I'm with your DP on this. It sounds complicated and easier to compartmentalise.

Only you know if its a dealbreaker.

I have a similar relationship and want to keep kids out for the foreseeable. It's too messy. My kids come first.

whowhose · 25/12/2022 19:06

@Outtasteamandluck ironically I am on my own a lot. He works away - 6 days at a time - home for 4 but i work shifts so don't often see him. For example over Christmas I won't of seen him from 20th - 31st.

OP posts:
DeeCeeCherry · 25/12/2022 19:07

He said we will always have a separate relationship and that his daughter would decide that

You're not compatible, he doesn't want the same type of relationship that you do. You need to open your ears listen to what he's telling you, and move on.
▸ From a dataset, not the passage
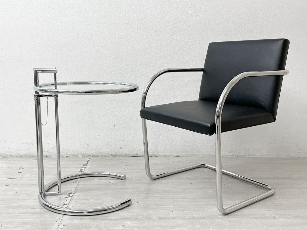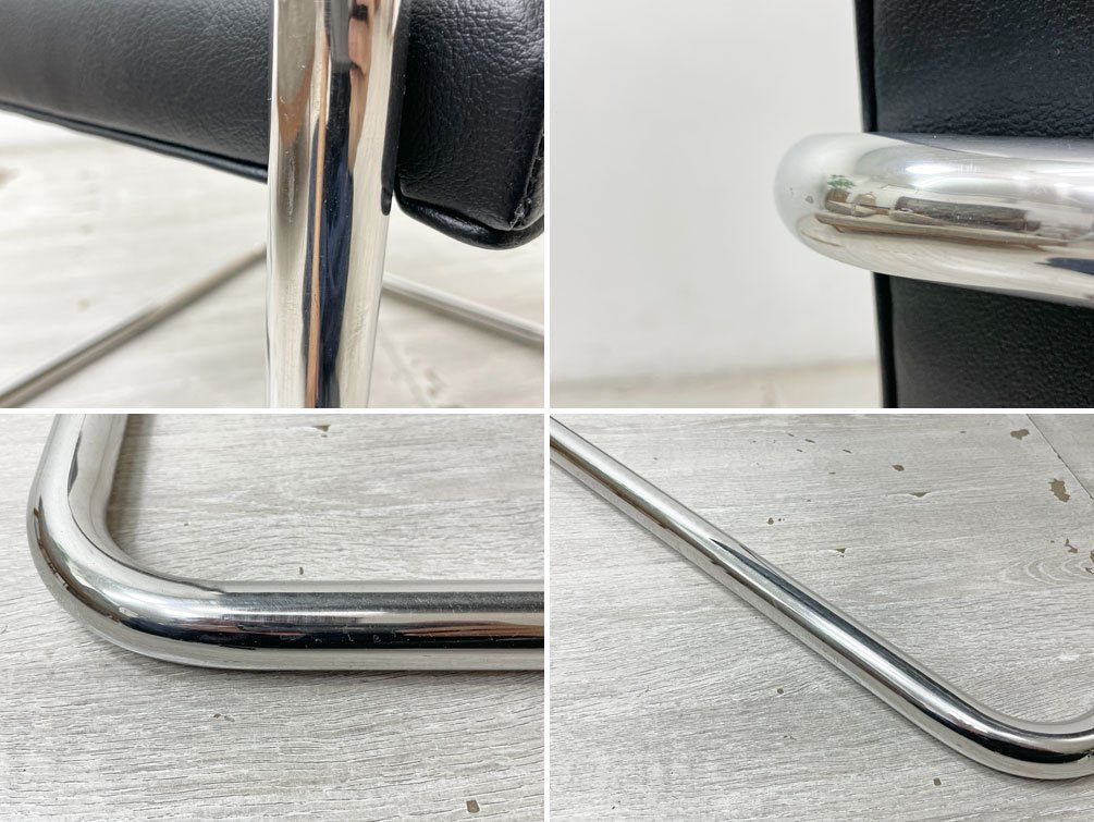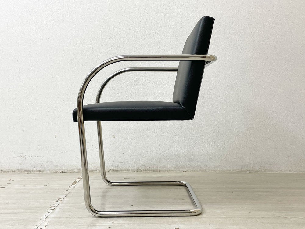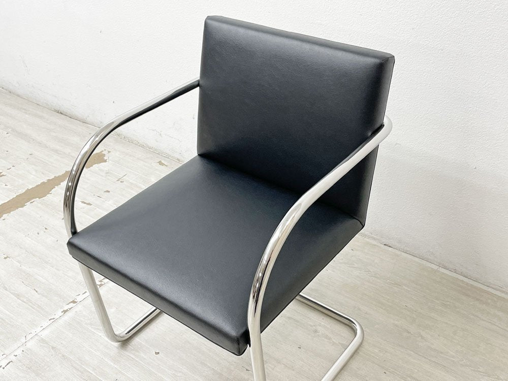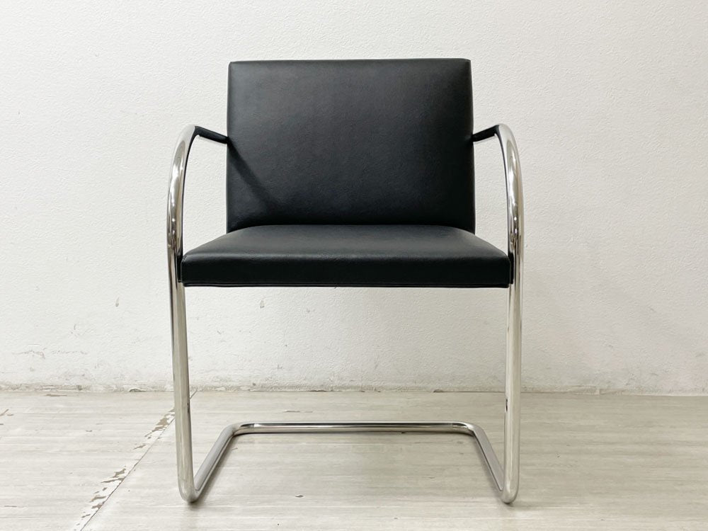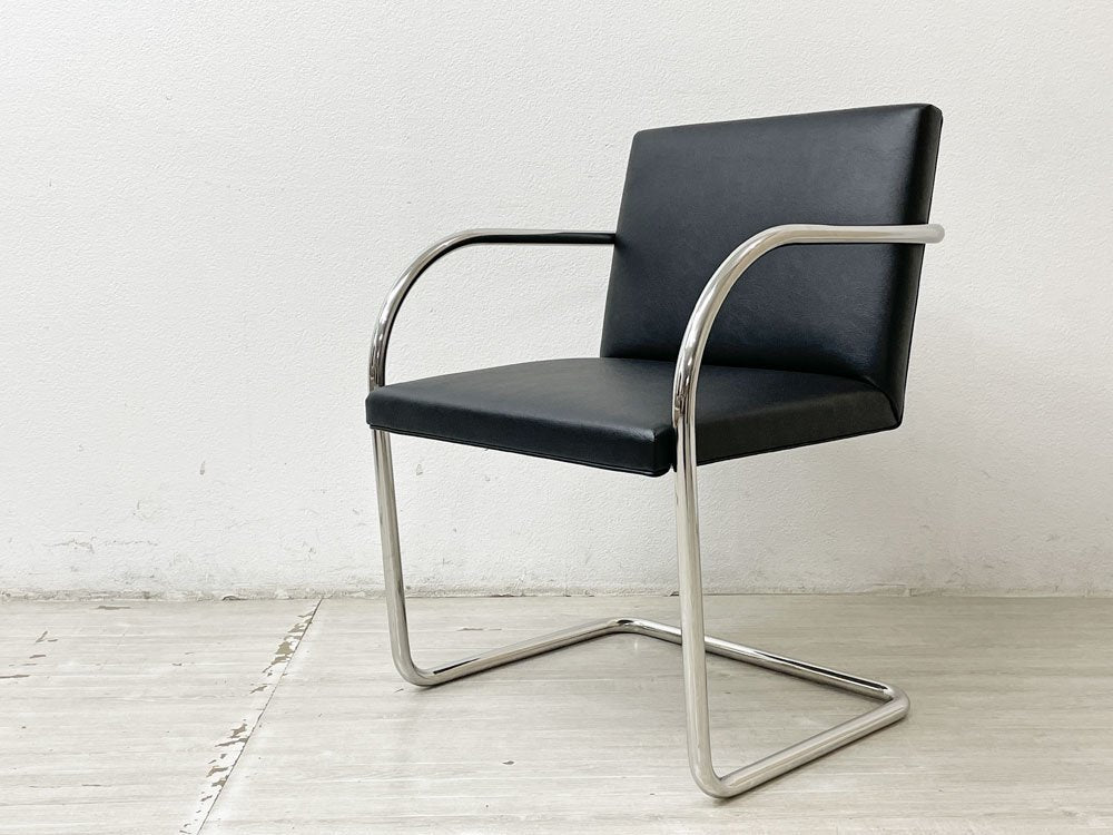 ノル knoll ブルーノ アームチェア チューブラー Brno Arm Chair Tubular ミースファンデルローエ カンチレバー ブラック PVCレザー 張替済み ●

It sounds boring anyway, are you his secret shag? Life's far too short for this nonsense I can never understand why women put up with it. Years of being beholden to whether his DD says Yes Or No. As if there aren't other men out there

gamerchick · 25/12/2022 19:10

whowhose · 25/12/2022 18:57

@Miss03852 I would love to spend Christmas with him. I won't have my kids next year. I guess it's the fear of being lonely.

Ok, well this is the crack.

Your bloke isn't doing anything wrong, however he's is unable to meet your needs. It can't be helped and it's just the way it is.

Tell him it's no longer working for you and wish him well. Free yourself up to find the bloke who can meet your needs.